- Written by: Ted Roberts
- Directed by: David Zweck John Gauci Michael Ludbrook
- Starring: Michael Duffield Tim Robertson Rowena Wallace
- Composer: Brian May
- Country of origin: Australia
- Original language: English
- No. of episodes: 7

Production
- Producer: Oscar Whitbread
- Running time: 30 minutes

Original release
- Network: ABC
- Release: 8 June – 20 July 1978

= Catspaw (TV series) =

Catspaw is an Australian serial drama-action TV series about an airforce officer who becomes involved with mercenaries.

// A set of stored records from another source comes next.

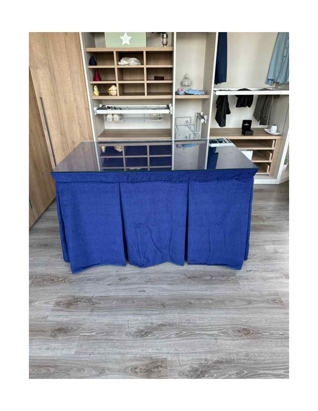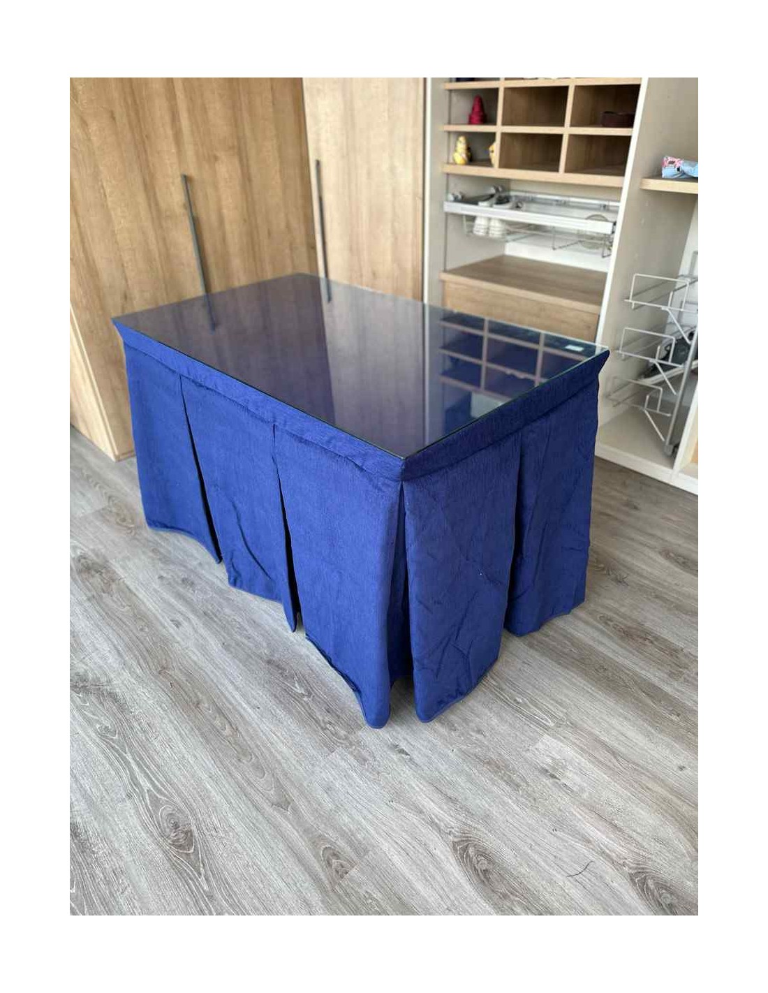 Confeccionada con 10 pliegues para mantener el calor de manera eficiente. Las tablas comunmente llamados pliegues, favorecen la retención de la temperatura impidiendo escapar el calor cuando nos sentamos en la mesa y nos cubrimos con ella. Gracias a nuestro diseño en los fuelles la falda de mesa camilla caerá cubriéndono los laterales e impidiendo que escape el calor.
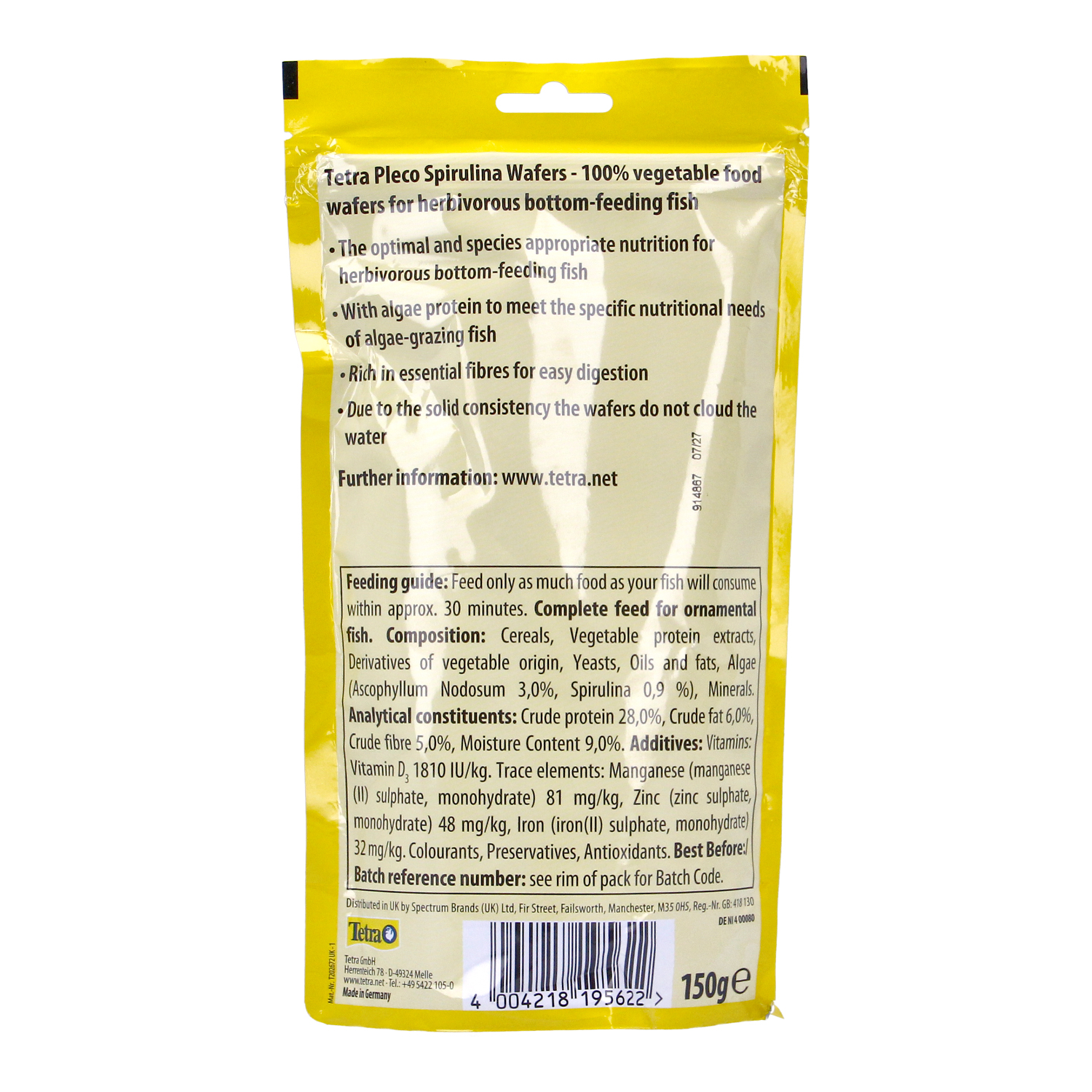 Tetra Pleco Multi Wafers are specially designed for large herbivorous bottom-feeding fish, providing complete nutrition for a healthy and long life. These 2-in-1 wafers combine concentrated algae and Omega-3 to support your fish's immune system while being rich in essential fibres to promote digestion.
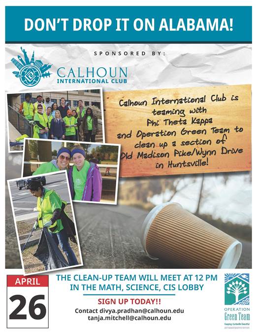 Calhoun students are invited to join a clean up day sponsored by the Calhoun International Club, Phi Theta Kappa, and Operation Green Team.
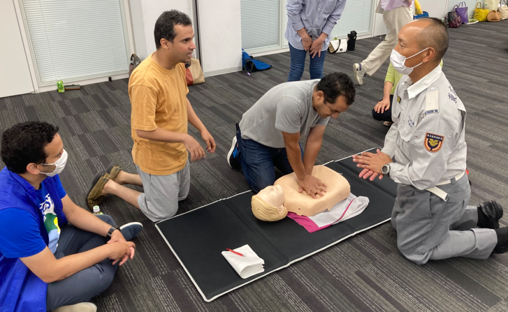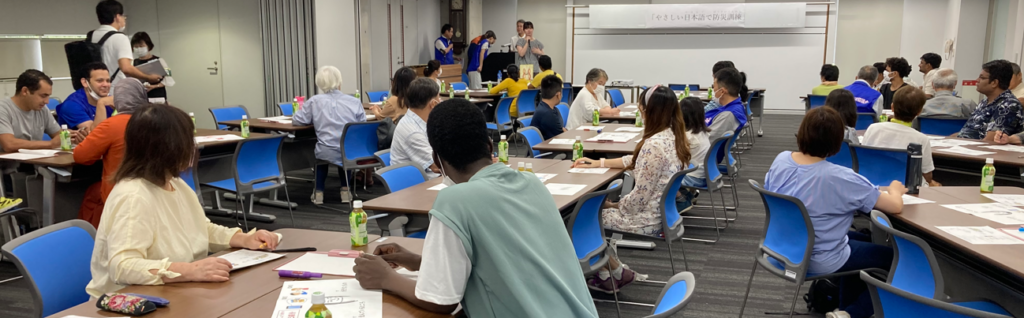 8月27日(日)、消防署で「やさしい日本語で防災」が開催されました。日本人市民は、「やさしい日本語」を学び、外国人市民は「防災」を学び、最後は、AEDの使い方を体験学習しました。子供たちは、別途、外でちびっ子消防士に変身し、消防士さんと一緒に本物の消防車で放水(訓練?)を体験をし、大喜びでした(そりゃそうだ^^)!日本人市民48名、外国人市民(こども込)32名の合計ぴったり80名で、それぞれ楽しく防災を学び、体験できたと思います。防災の学びもさることながら、お互い知合うことで、これからの日本生活を楽しく続けて頂けたらと思います。
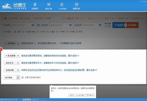 4、接着选择优先搭乘的席别和车次等信息
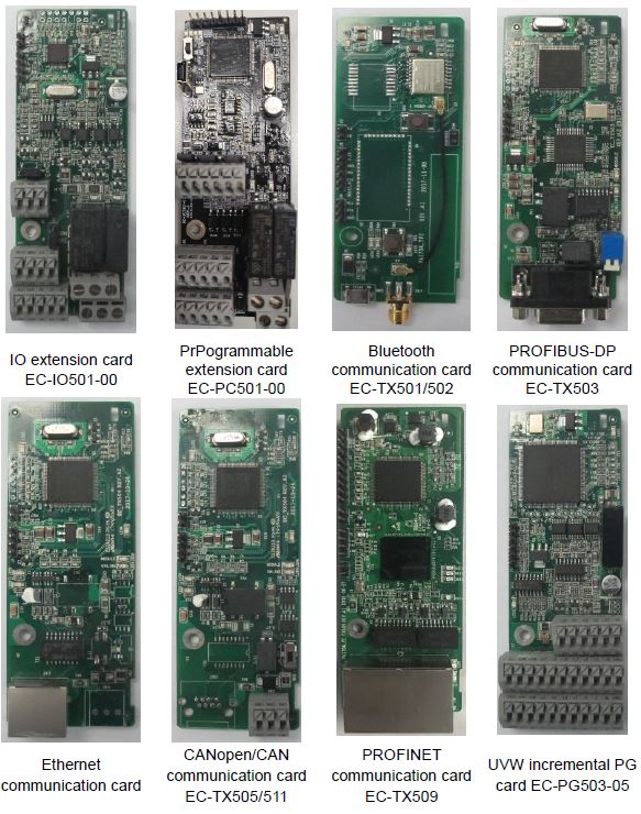 | Optiuni | card extensie I/O (expandor) EC-IO501-00, card PLC EC-PC502, card sursa auxiliara 24 V c.c. EC-PS501-24, Convertor USB/RS485 HWPATC820 |
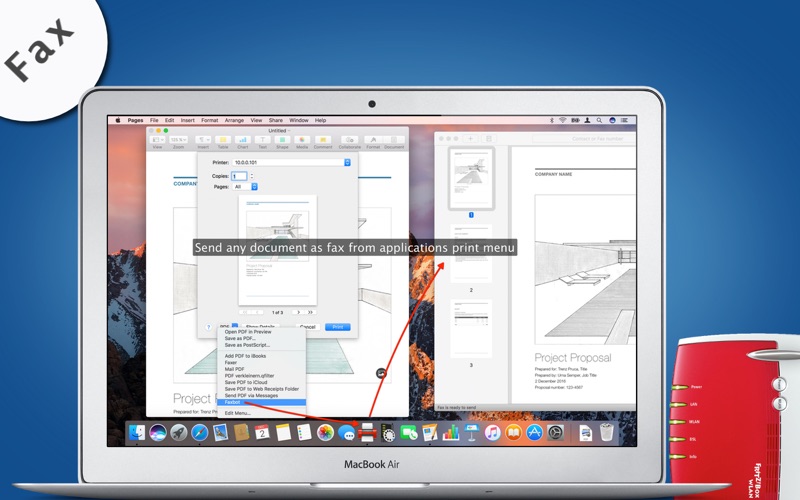 Send Faxes on Mac via FRITZ!Box. With Faxbot you can comfortable send faxes on your Mac via your FRITZ!Box. Faxbot offers you extensive opportunities to integrate faxing into your best workflow. Aou can open PDF, PNG or JPEG files in Faxbot and send it, create fax documents from any application, which offering you a print dialog, write and formate faxes directly into Faxbot or pass fax documents via AppleScript to Faxbot.
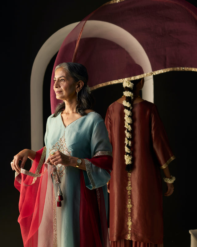 Our love for colour, delicate handiwork and playfulness inspire each creation. Paying careful attention to timeless elegance in design, we make intricate Indian attire celebrating women and the craft. We want you to wear it for years and we want it to bring you joy each time.
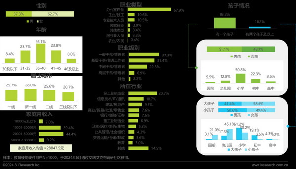 負責孩子教育且近兩年來購買過教育智能硬件的家長用戶以31-45歲的母親居多,多數生活在經濟較發達的一二線城市,家庭月收入多分布在1-5萬元;職業集中在辦公室白領,近七成任職管理類職務;孩子在各個學段均有覆蓋,其中小學生家長比例更大。
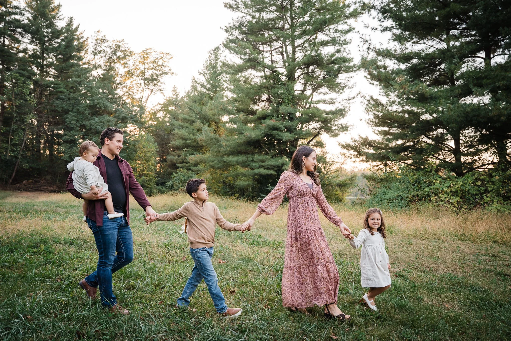 Coordinate vs. Match: I recommend you choose a color palette (2-4 colors) and mix and match patterns with solids instead of having everyone wear matching outfits or solids. For example if someone wears a floral dress, try pulling various colors from the dress for the outfits of other family members. Try to vary the textures and choose small, subtle patterns over large ones. As a general rule of thumb I often tell families to figure out what mom will wear first and then base the other outfits around hers.
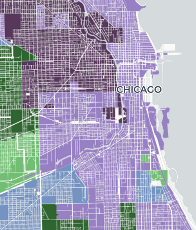 从《芝加哥论坛报》公布的数据地图上,我们可以看到,房产估值下降的社区(以淡绿色、深绿色标准的区域)均是以黑人居民为主的社区,这些区域与芝加哥的枪击案、暴力犯罪高发区域基本一致。而图中凡是淡蓝色、淡紫色、深紫色标注的区域,均为房产估值上涨的区域。
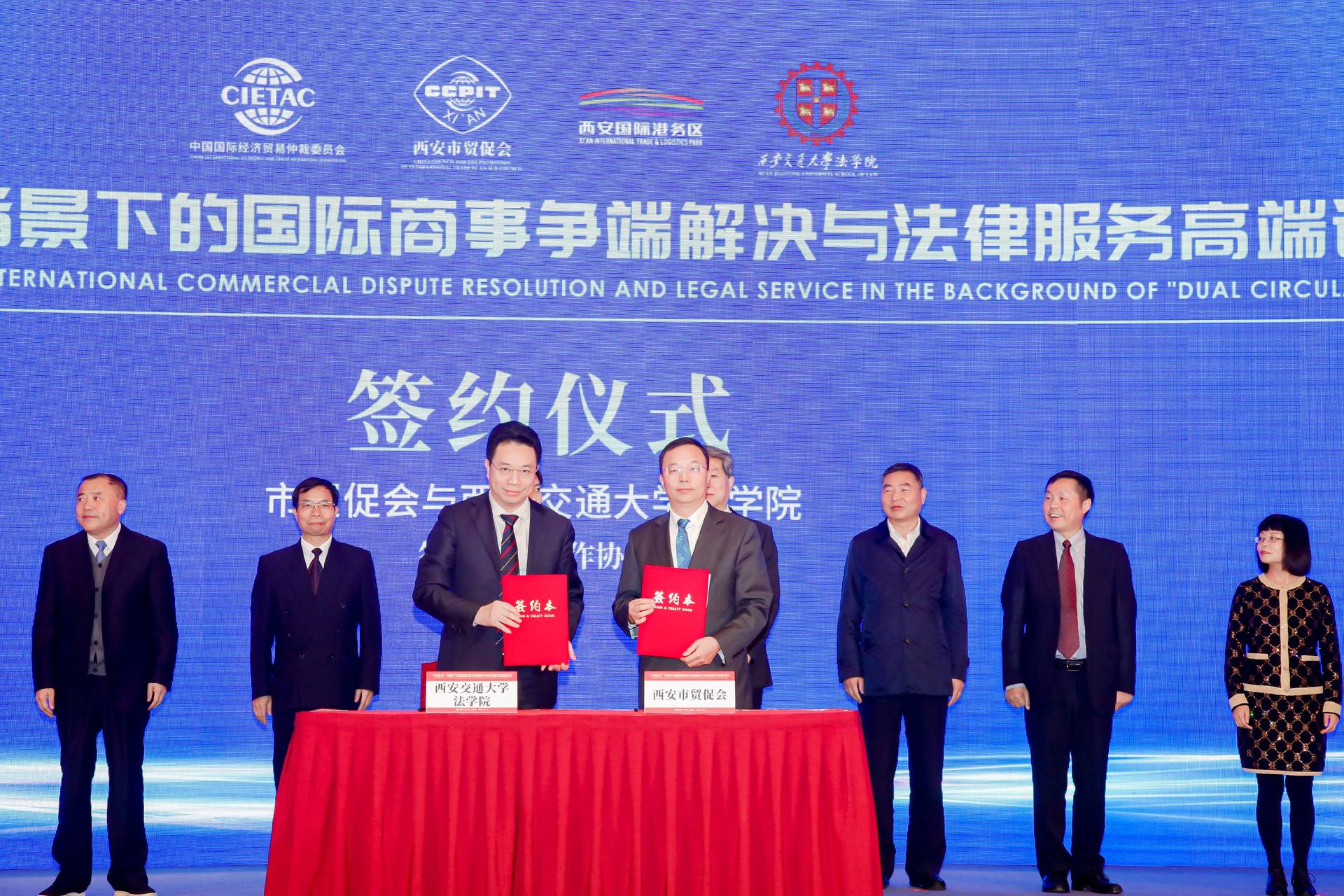 (从左到右、从上到下依次为:k8体育·(sports)官方网站k8体育·(sports)官方网站院长、国际投资争端解决中心(ICSID)调解员、最高人民法院国际商事专家委员会专家委员单文华,陕西省高级人民法院副院长巩富文,国际独立仲裁员、最高人民法院国际商事专家委员会专家委员陶景洲,西北政法大学丝绸之路区域合作与发展法律研究院院长、陕西省三秦学者王瀚)

It aired on the ABC on 8 June 1978 and ended on 20 July of the same year running for only one season and a total of seven episodes. The story line was told in serialised form.

==Cast==
- Peter Sumner as Harry Sawtell
- Gus Mercurio as The Colonel
- Rowena Wallace as Kate Keppel
- Michael Duffield as Barton
- Tim Robertson as Instructor
- Ken James as Nuggett
- John Stanton
- Peter Aanensen
- Warwick Sims as Tim Keppel

==Production==
It was filmed on location around Melbourne and in the ABC Ripponlea Studios.

==Reception==
The Age criticised it for "comic strip depth". The Sun Herald called it "no more than routine."

==Episodes==
1. (2 June 1978 - Melbourne) Sawtell investigates the disappearance of a hospital gunship piloted by his best friend, Keppel.
2. (9 June 1978) Sawtell discovers Keppel owed a lot of money. Corrigan keeps watch on Kate's flat.
3. (16 June 1978) Sawtell discovers Kate and Corrigan are missing.
4. (23 June 1978)
5. (30 June 1978) Sawtell, Kate and Keppel try to escape but Kate is recaptured. Sawtell and Keppel find an injured Corrigan.
6. (7 July 1978) The Colonel orders the evacuation of the camp. Sawtell and Keppel begin an attack
7. (14 July 1978) Sawtell is wounded. He leaves Kate to get help for Keppel. He wakes up in a strange hospital room.